If the user does not specify any bucketing parameters when creating a collection, the default value
is `{granularity: "seconds"}`.

A `collMod` operation can change these settings as long as the net effect is that
`bucketMaxSpanSeconds` and `bucketRoundingSeconds` do not decrease, and the values remain in the
valid ranges. Notably, one can convert from fixed range bucketing to one of the `granularity`
presets or vice versa, as long as the associated seconds parameters do not decrease as a result.

# Updates and Deletes

Time-series collections support deletes which satisfy the following restrictions:
* Query on only the `metaField`
* `multi: true`

and updates which satisfy these same conditions, plus the following:
* Update only the `metaField`
* Update specified as an update document (versus a replacement document or update pipeline)
* `upsert: false`

These updates and deletes are performed by translating the operation into a corresponding update or
delete on the underlying buckets collection. In particular, for both the query and update document,
we replace any references to the collection's `metaField` with literal `"meta"` (see
[Bucket Collection Schema](#bucket-collection-schema)).

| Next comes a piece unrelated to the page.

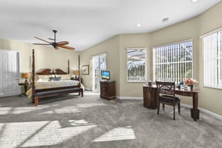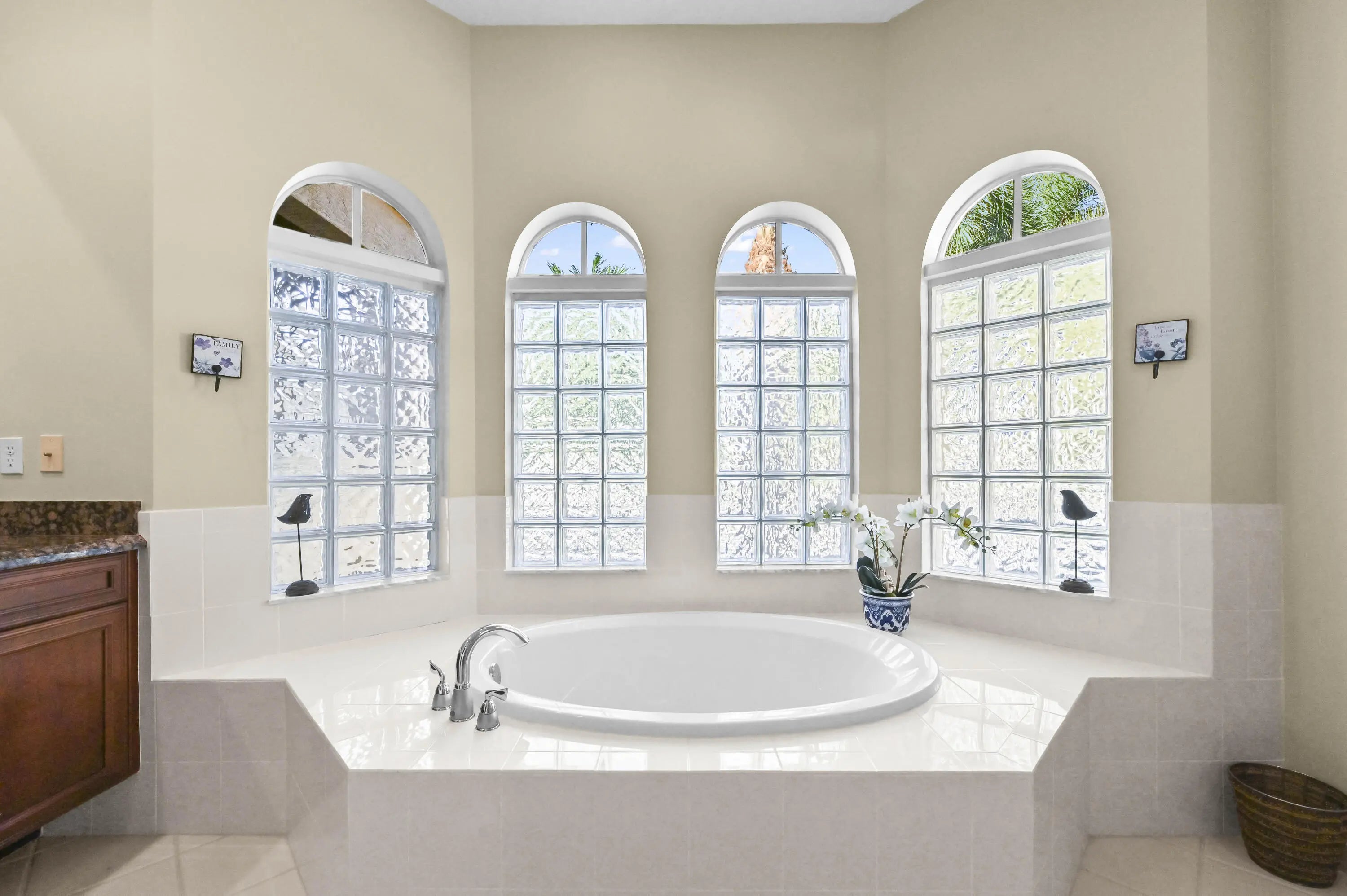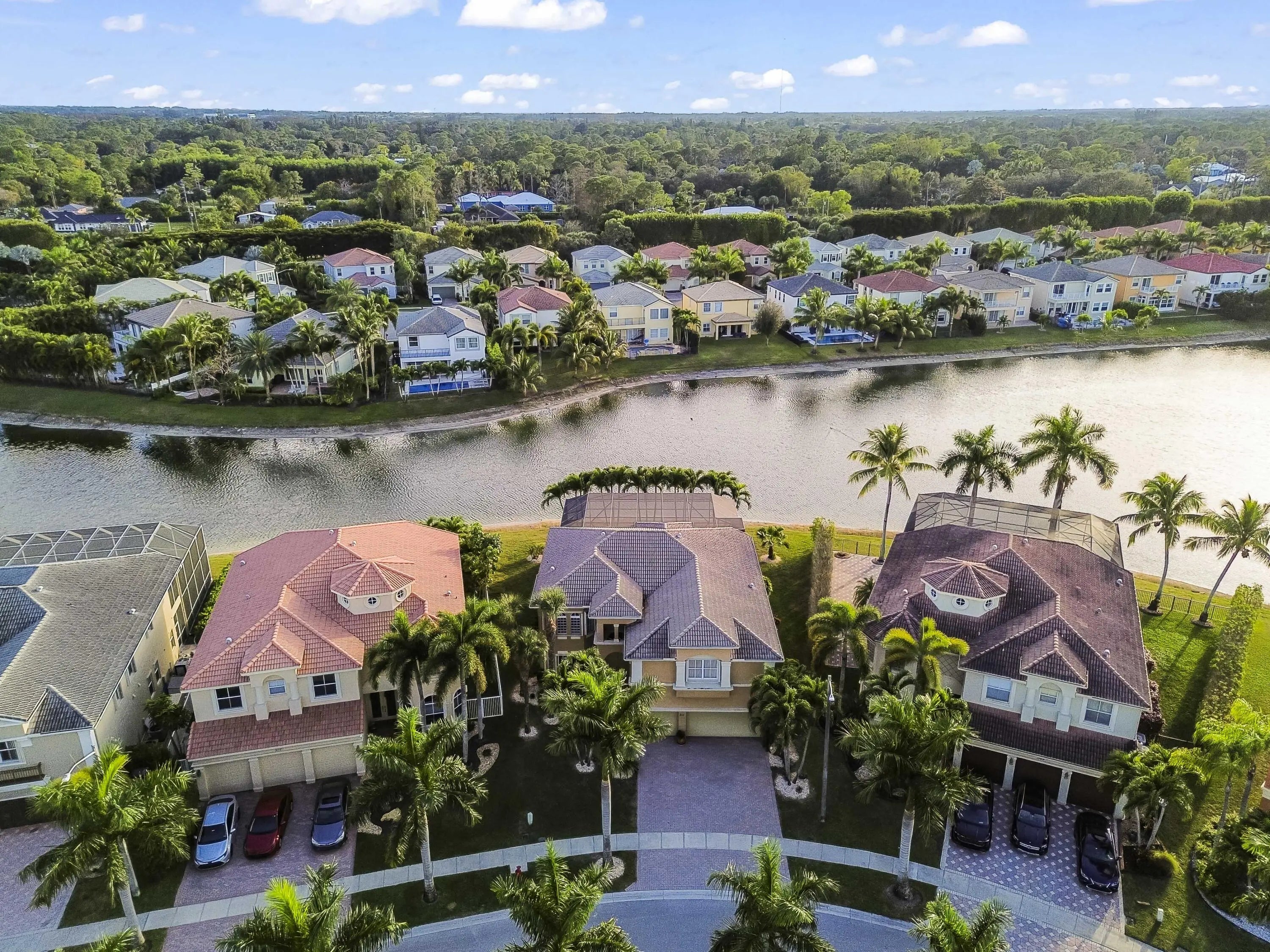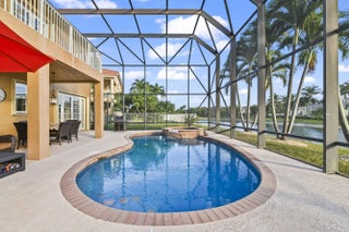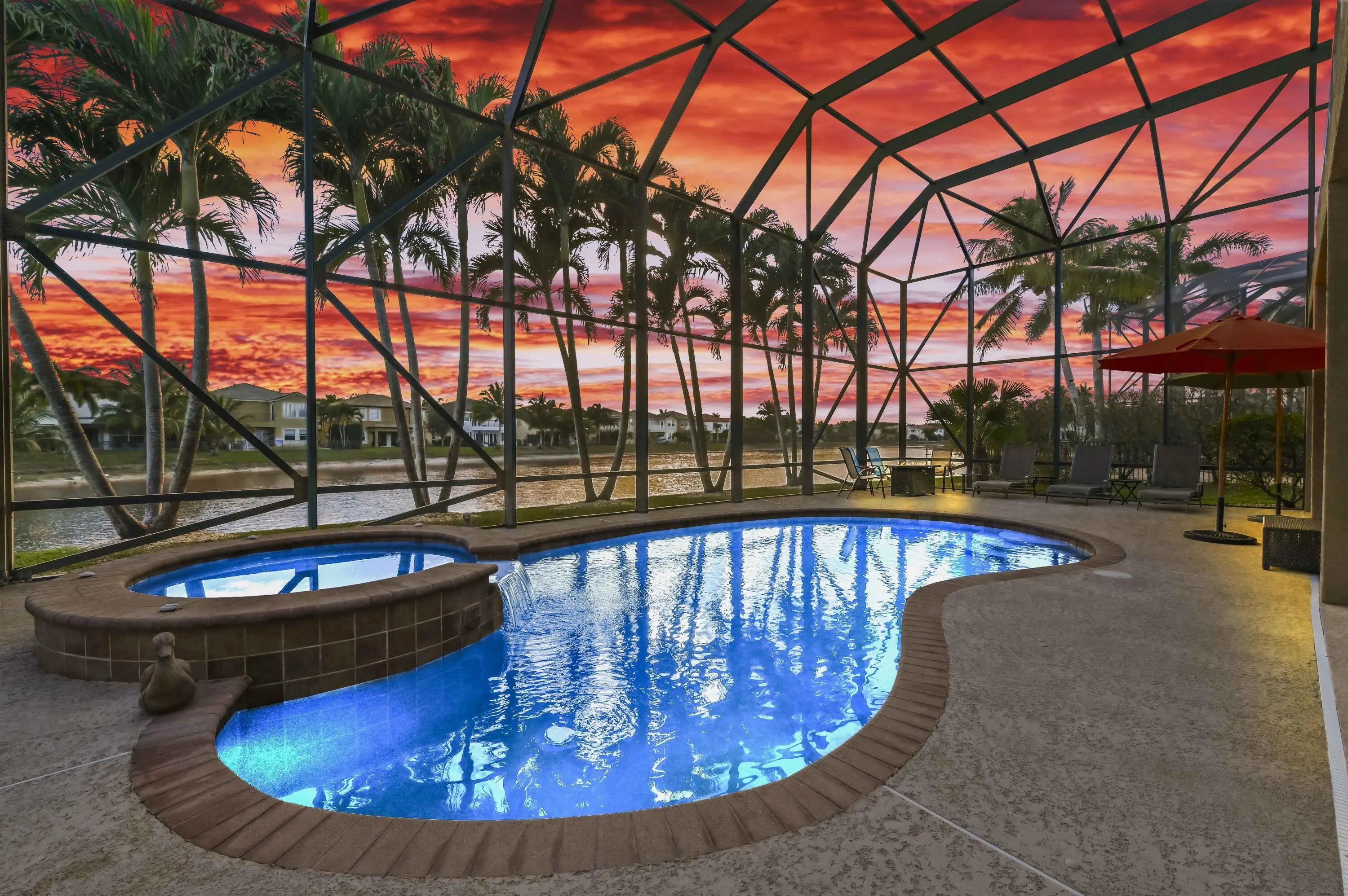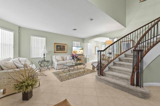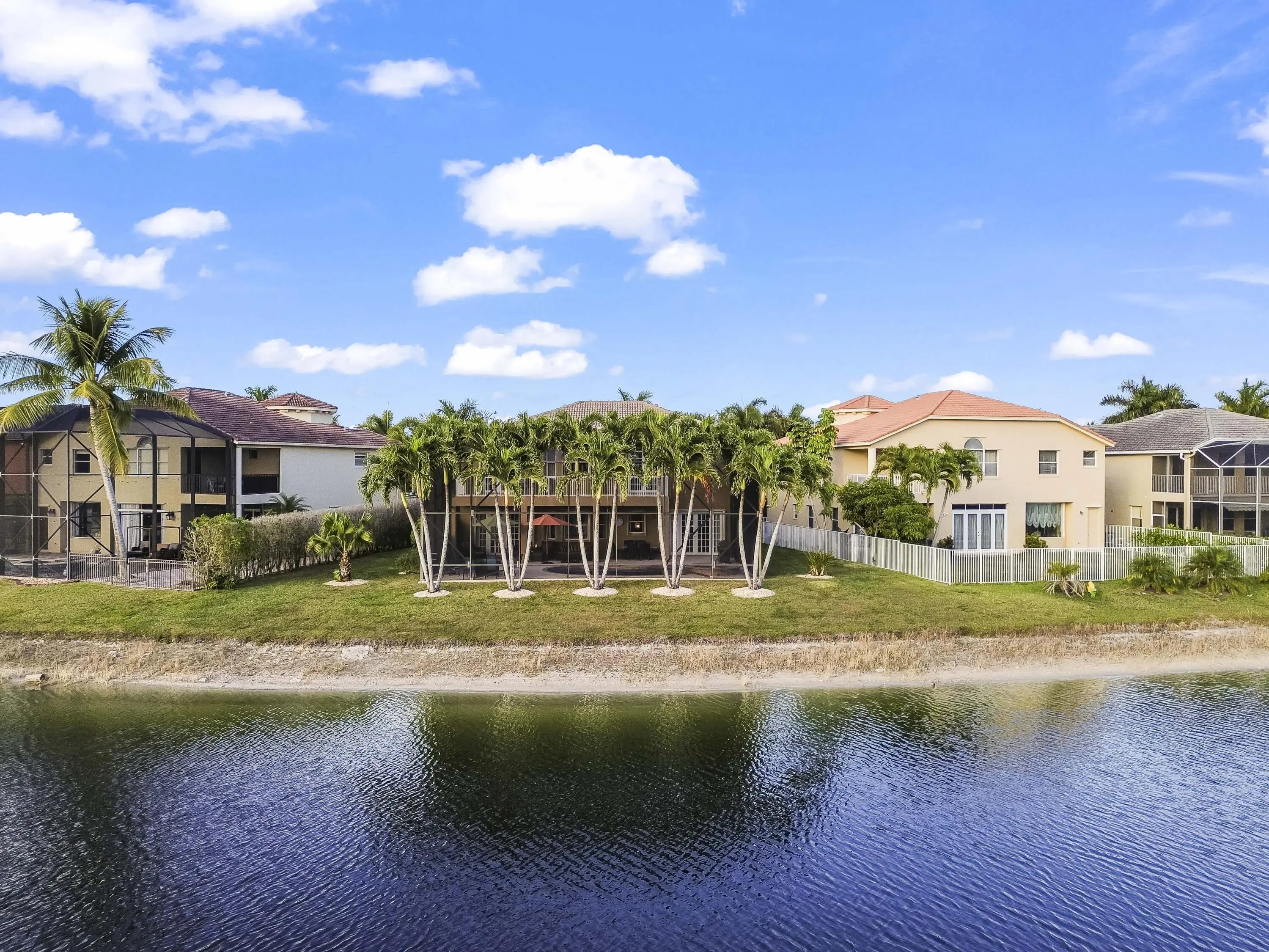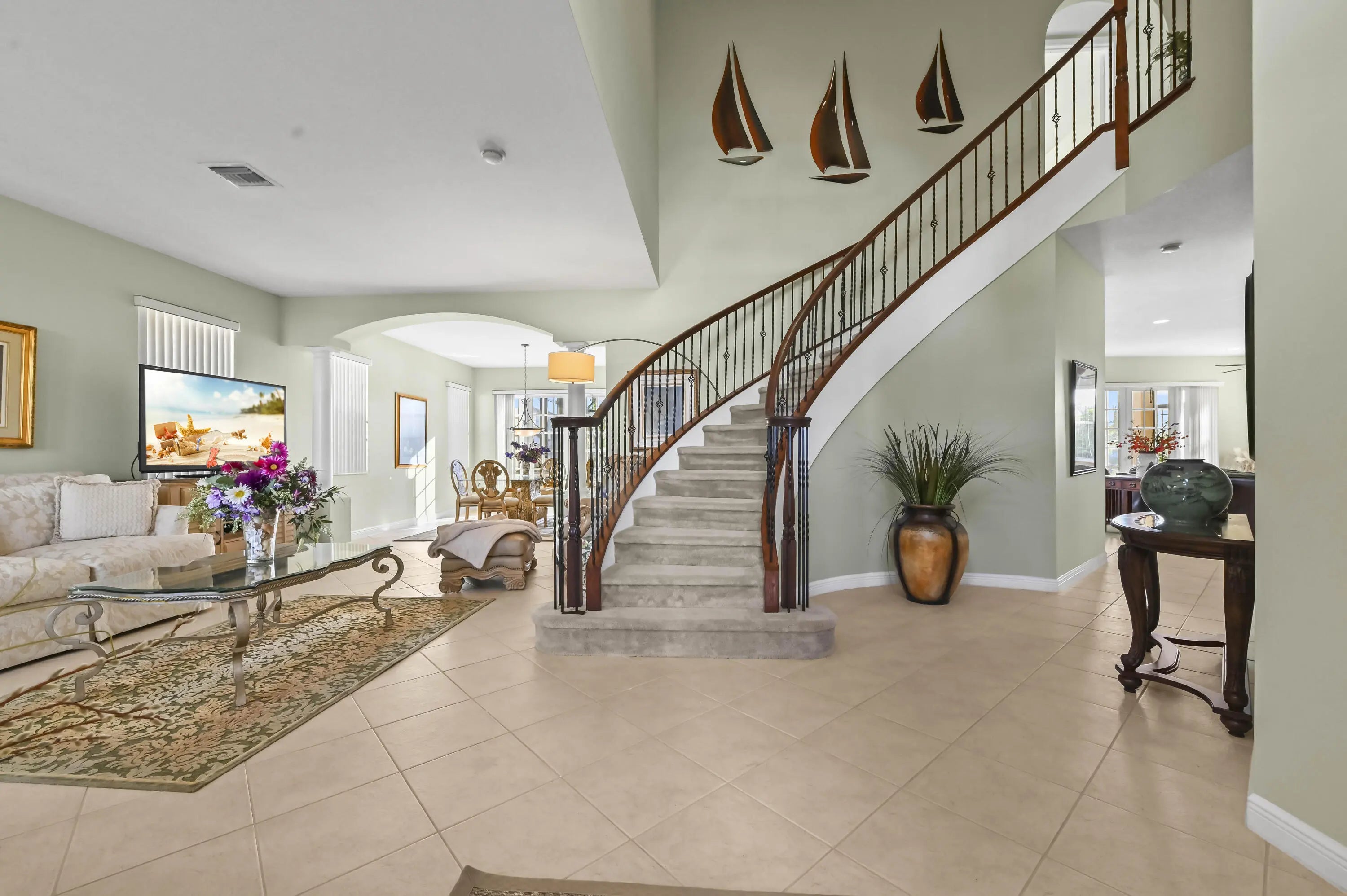 Step into a world of refined elegance in this stunning waterfront estate with a private saltwater pool, perfectly situated in the highly sought-after Olympia community of Wellington. A grand double-door entrance sets the tone, unveiling a light-filled interior highlighted by soaring volume ceilings and a dramatic sweeping staircase that serves as the home's architectural centerpiece. The open-concept layout is ideal for both sophisticated entertaining and everyday comfort, featuring expansive formal living and dining areas enhanced by large windows that frame tranquil outdoor and water views.

For example, for a time-series collection `db.ts` created with `metaField: "tag"`, consider an
update on this collection with query `{"tag.tag.a": "a"}` and update document
`{$set: {"tag.tag.a": "A"}, $rename: {"tag.tag.b": "tag.tag.c"}}`. This gets translated into an
update on `db.system.buckets.ts` with query `{"meta.tag.a": "a"}` and update document
`{$set: {"meta.tag.a": "A"}, $rename: {"meta.tag.b": "meta.tag.c"}}`. We can then execute this
translated update as a regular update operation. The same process applies for deletes.

# References
See:
[MongoDB Blog: Time Series Data and MongoDB: Part 2 - Schema Design Best Practices](https://www.mongodb.com/blog/post/time-series-data-and-mongodb-part-2-schema-design-best-practices)

# Glossary
**bucket**: A group of measurements with the same meta-data over a limited period of time.

**bucket collection**: A system collection used for storing the buckets underlying a time-series
collection. Replication, sharding and indexing are all done at the level of buckets in the bucket
collection.

**measurement**: A set of related key-value pairs at a specific time.

**meta-data**: The key-value pairs of a time-series that rarely change over time and serve to
identify the time-series as a whole.

**time-series**: A sequence of measurements over a period of time.

**time-series collection**: A collection type representing a writable non-materialized view that
allows storing and querying a number of time-series, each with different meta-data.